Due to the introduction of the devices for networking with the fast internet development in earlier years, the safety of the networks has developed to be important in this contemporary age. Intrusion Detection Systems are used in identifying unapproved, unacquainted and traffic that is suspicious through networks. This project pursues the anomaly detection through the design of a hybrid model that classifies a network traffic first either as benign or intrusive. When the traffic is established as intrusive, the model additionally detects the intrusive traffic category traveling throughout the network. Furthermore, the research proposes deep learning and machine learning algorithm usage in determining the quickest and utmost precise algorithm for network intrusions detection.
Introduction
I. INTRODUCTION
With the wide spreading usages of internet and increases in access to online contents, cybercrime is also happening at an increasing rate. Intrusion detection is the first step to prevent security attack. Hence the security solutions such as Firewall, Intrusion Detection System (IDS), Unified Threat Modelling (UTM) and Intrusion Prevention System (IPS) are getting much attention in studies. IDS detects attacks from a variety of systems and network sources by collecting information and then analyses the information for possible security breaches. The network-based IDS analyses the data packets that travel over a network and this analysis are carried out in two ways. Till today anomaly-based detection is far behind than the detection that works based on signature and hence anomaly-based detection remains a major area for research. The challenges with anomaly-based intrusion detection are that it needs to deal with novel attack for which there is no prior knowledge to identify the anomaly. Hence the system somehow needs to have the intelligence to segregate which traffic is harmless and which one is malicious or anomalous and for that machine learning techniques are being explored by the researchers over the last few years. IDS however is not an answer to all security related problems. For example, IDS cannot compensate weak identification and authentication mechanisms or if there is a weakness in the network protocols.
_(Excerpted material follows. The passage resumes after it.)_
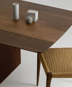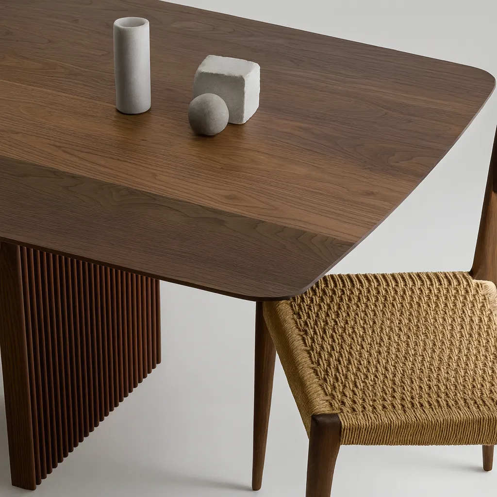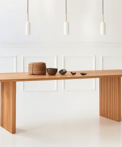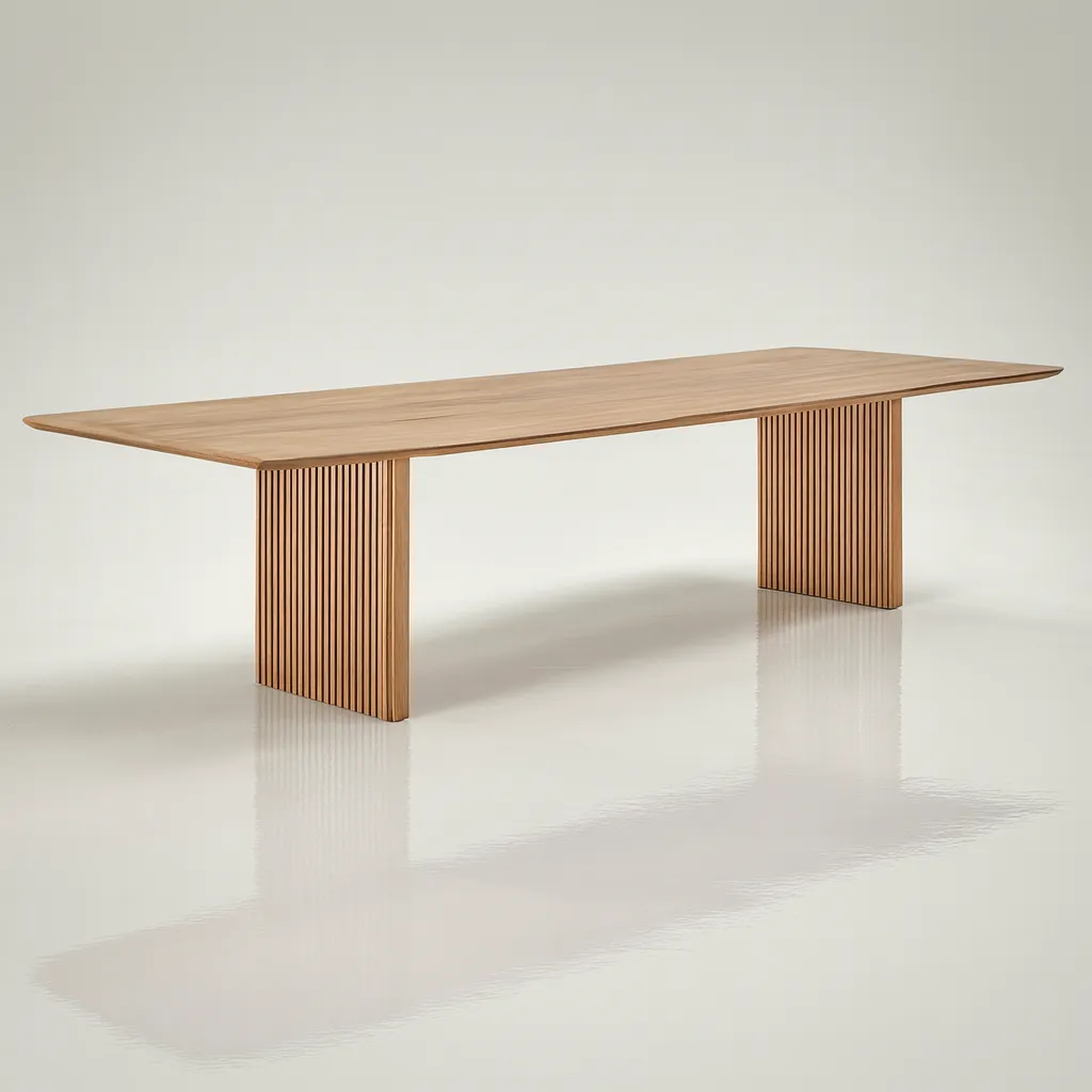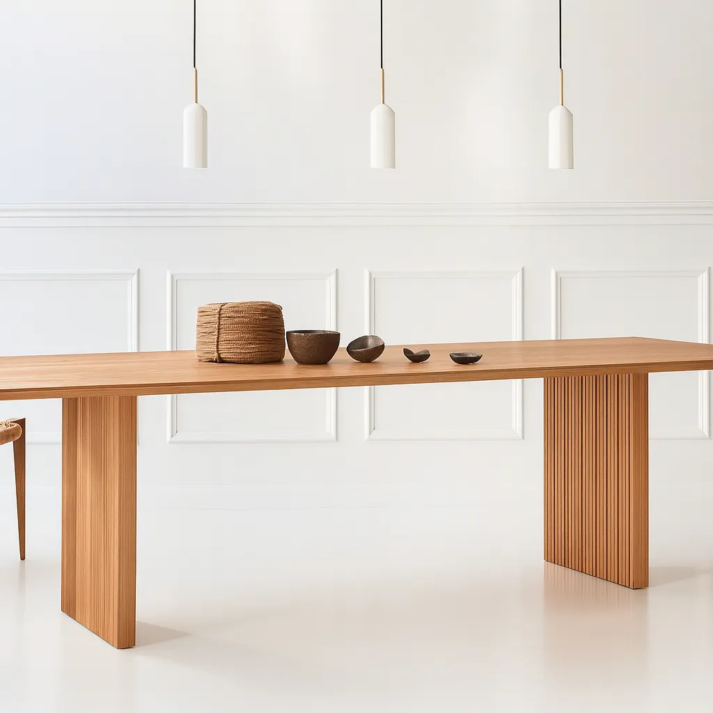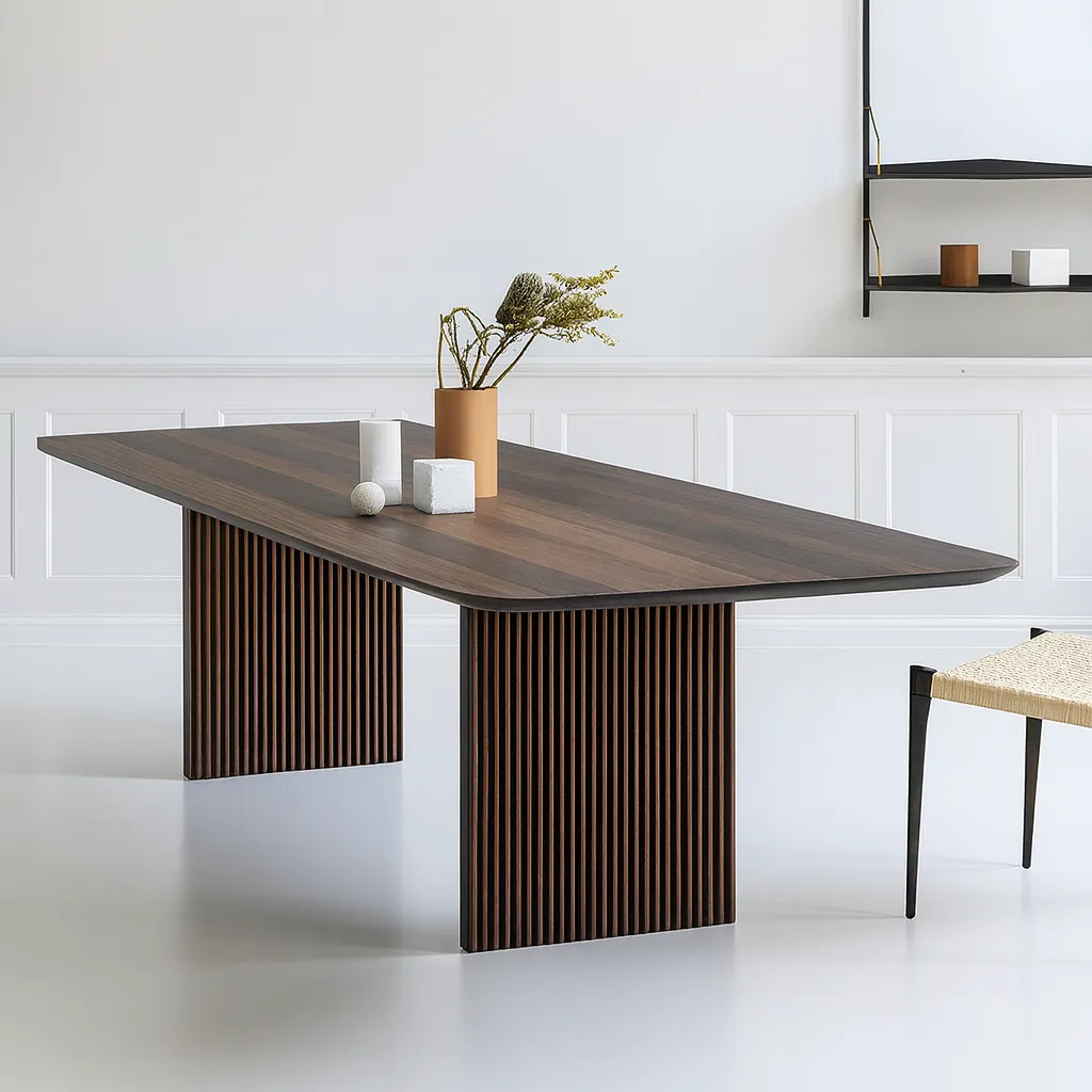This contemporary wooden dining table combines a spacious rectangular top with sculpted pedestal legs, bringing elegance and function to dining spaces.

Some common detection techniques include anomaly-based and signature-based approaches. While anomaly-based detection is a dynamic method with a reliable model that contrasts with harmful activity, signature-based detection is a static method with established patterns. A signature-based detection technique might not work against unidentified attackers. Anomaly-based detection trains a model based on typical activity to detect any anomalies. This model is made up of both machine learning (ML) and deep learning (DL) architectures. These anomalies from unidentified attacks can also be found by them.
The predictability of AI models could lean toward accuracy or interpretability. Both traits are important. Accurate or black-box models such as neural networks or complicated ensemble models provide high accuracy, but they do not provide feature importance. On the other hand, white-box models like linear regression or decision trees can provide feature engineering but might lack in accuracy for complex datasets. Hence, both ML and DL models should be taken into consideration
II. PROBLEM STATEMENT
The growth of the Internet and data traffic exhibited several problems regarding security management. The increase in the number of users around the world has introduced the need to incorporate access controls. Intruders are finding best methods to infiltrate or disrupt network traffic. They continue to adapt prevention mechanisms in place and continue to find ways to exploit the systems that are in place to prevent these intrusions from occurring. Current intrusion detection systems (IDSs) suffer to attain both the high detection rate and low false alarm rate. To address this issue, we propose an IDS using different machine learning (ML) and deep learning (DL) models. We present a comparative analysis of different ML models and DL models on NSL-KDD dataset.
III. METHODOLOGY
The study was conducted using the Knowledge Discovery in Databases (KDD) approach. This approach features procedures such as data selection/ transformation/, evaluation, pre-procession collection and modelling. Some of these processes are explained below:
A. Data Collection And Pre-Processing
The job here is to find ways and sources of collecting relevant and comprehensive data, interpreting it, and analysing results with the help of statistical techniques.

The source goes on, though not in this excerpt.